The price of natural gas fell as production increased dramatically during the shale gas boom from 2007 onward, as advances in technology such as the more efficient horizontal drilling and hydraulic fracturing. In electricity generation, one of the major users of coal in the United States, the increased use of natural gas led to a decrease in the demand for coal.

==Use==
Coal power provided 42.7 TWh of Wyoming electricity in 2016, compared to 3.8 TWh for the second largest (wind).

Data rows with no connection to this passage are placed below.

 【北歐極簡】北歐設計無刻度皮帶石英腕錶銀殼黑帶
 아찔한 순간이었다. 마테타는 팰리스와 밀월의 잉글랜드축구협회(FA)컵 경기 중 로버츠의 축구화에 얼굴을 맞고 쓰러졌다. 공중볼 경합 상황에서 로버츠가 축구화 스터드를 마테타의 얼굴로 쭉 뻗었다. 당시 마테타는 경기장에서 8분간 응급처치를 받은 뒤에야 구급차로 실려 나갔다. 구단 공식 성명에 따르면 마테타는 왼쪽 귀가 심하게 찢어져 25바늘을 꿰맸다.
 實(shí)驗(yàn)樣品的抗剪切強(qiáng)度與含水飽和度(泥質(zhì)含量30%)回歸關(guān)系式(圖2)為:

Almost all Wyoming coal is consumed in the United States, In 2015, out of 376 million short tons of coal mined in Wyoming, 52,400 tons were exported, less than one-tenth of one percent. Wyoming coal is shipped out of Wyoming for use in 28 states, from Oregon and Washington on the Pacific coast, to New York and Maryland on the Atlantic coast. As of 2015, the top five states consuming Wyoming coal, other than Wyoming itself, are: Texas, Illinois, Missouri, Wisconsin, and Iowa, Together, these five states consume more than half the coal shipped out of Wyoming.

==Industry structure==
The five largest extractors of coal in Wyoming (in terms of 2015 annual production) are:

- Powder River Coal Co., 109.3 million short tons
- Thunder Basin Coal Co. LLC, 107.3 million short tons
- Cloud Peak Energy, 58.0 million short tons
- Alpha Coal West, Inc., 38.0 million short tons (company acquired by Contura Energy in 2016)
- Peabody Energy, 26.6 million short tons

==Disasters==
On June 30, 1903 coal gas ignited in the Chimney Springs mine, killing 169 of the miners. In 1908, the same mine exploded again, trapping 18 miners inside. The state mine inspector and 40 other men entered the mine to rescue the miners, while the men were at work trying to rescue the miners, another explosion occurred, killing all 59 of those inside.